- Opening Delimiter -
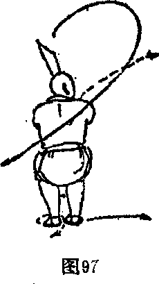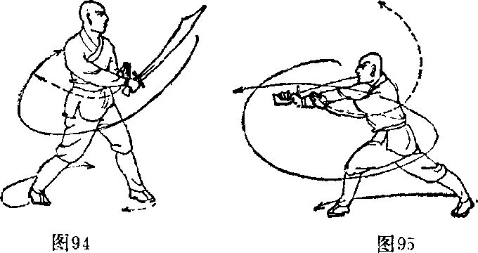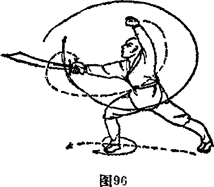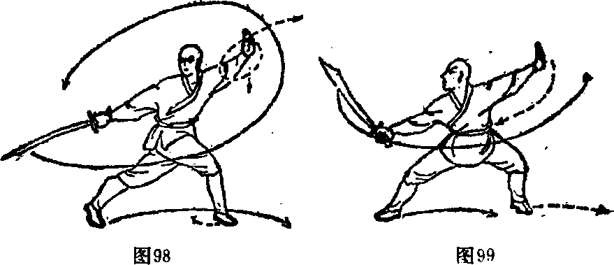 右脚向右跨一步,两脚碾地,体右转90°,两腿成右弓 涉,同时右刀向前上方砍刀,然后向右后方反刺,刀刃朝上, 刀尖向后,左手随身向前上方展臂亮掌,目视刀尖(图98)。
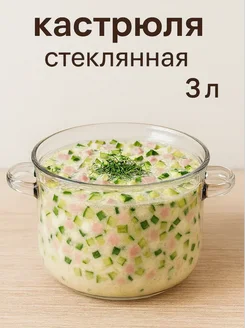 Кастрюля стеклянная термостойкая с крышкой, 3 л
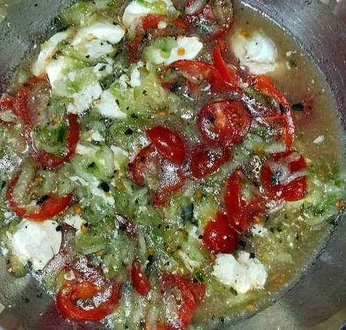 Den Schweinebraten habe ich dieses Mal nicht mit den üblichen Gewürzen versetzt. Nur mit Salz, Pfeffer und etwas Knoblauchöl. Mit dem Tomatensalat zusammen, hätte das so nicht geschmeckt.
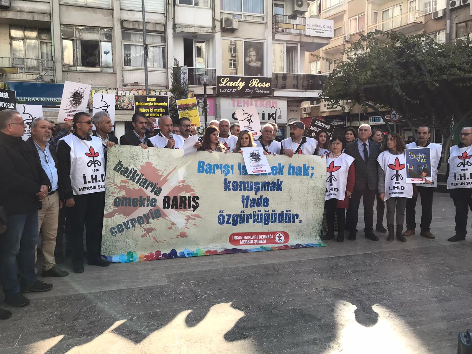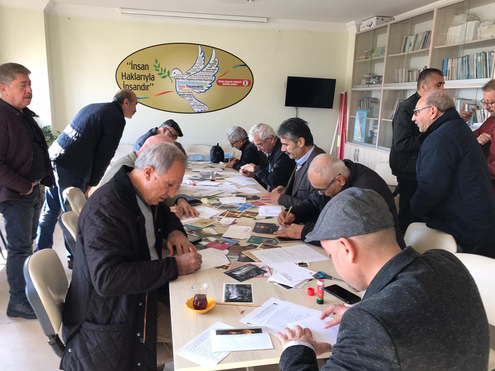 İHD binasında bir araya gelen kurum temsilcileri ve yurttaşlar cezaevlerine yeni yıl kartı yazdı. Ardından PTT Mersin şubesi önünde basın açıklaması yapıldı. Basın açıklamasını okuyan İHD şube başkanı Hakkı Demir, “Bu yıl da İnsan Hakları Evrensel Bildirgesi’nde belirtildiği gibi barış, adalet, eşitlik, özgürlük ve insan onurunun korunmasını ve bunları güvence altına alacak demokrasi mücadelesi verilmesini savunmaya devam ediyoruz” diyerek şunları belirtti;
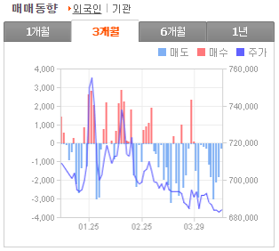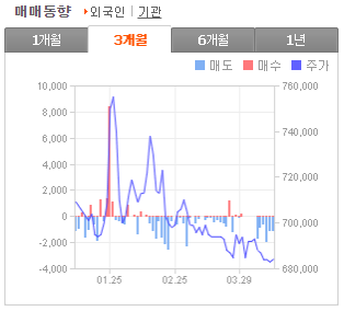 LG생활건강우 주가는 최근 3개월 동안 외국인이 계속 매도하고 있습니다.
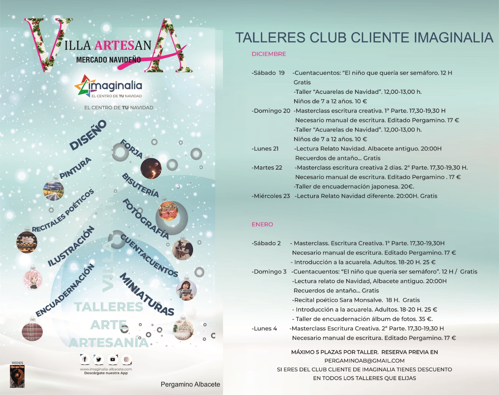 • Papá Noel: del 18 al 23 de diciembre, de 18 h a 21 h. Y el 24 de diciembre de 12 h a 14 h.
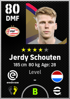 . Jerdy Schouten is a Defensive Midfielder footballer from Netherlands who plays for Psv in eFootball 2026.
- Closing Delimiter -
**ACTIVITY**
Retype the lines exactly. Begin at the one that holds "Den Schweinebraten habe", stop at the last line of the entries above, and drop the pictures.

**SOLUTION TO THIS EXERCISE**
 Den Schweinebraten habe ich dieses Mal nicht mit den üblichen Gewürzen versetzt. Nur mit Salz, Pfeffer und etwas Knoblauchöl. Mit dem Tomatensalat zusammen, hätte das so nicht geschmeckt.
 İHD binasında bir araya gelen kurum temsilcileri ve yurttaşlar cezaevlerine yeni yıl kartı yazdı. Ardından PTT Mersin şubesi önünde basın açıklaması yapıldı. Basın açıklamasını okuyan İHD şube başkanı Hakkı Demir, “Bu yıl da İnsan Hakları Evrensel Bildirgesi’nde belirtildiği gibi barış, adalet, eşitlik, özgürlük ve insan onurunun korunmasını ve bunları güvence altına alacak demokrasi mücadelesi verilmesini savunmaya devam ediyoruz” diyerek şunları belirtti;
 LG생활건강우 주가는 최근 3개월 동안 외국인이 계속 매도하고 있습니다.
 • Papá Noel: del 18 al 23 de diciembre, de 18 h a 21 h. Y el 24 de diciembre de 12 h a 14 h.
 . Jerdy Schouten is a Defensive Midfielder footballer from Netherlands who plays for Psv in eFootball 2026.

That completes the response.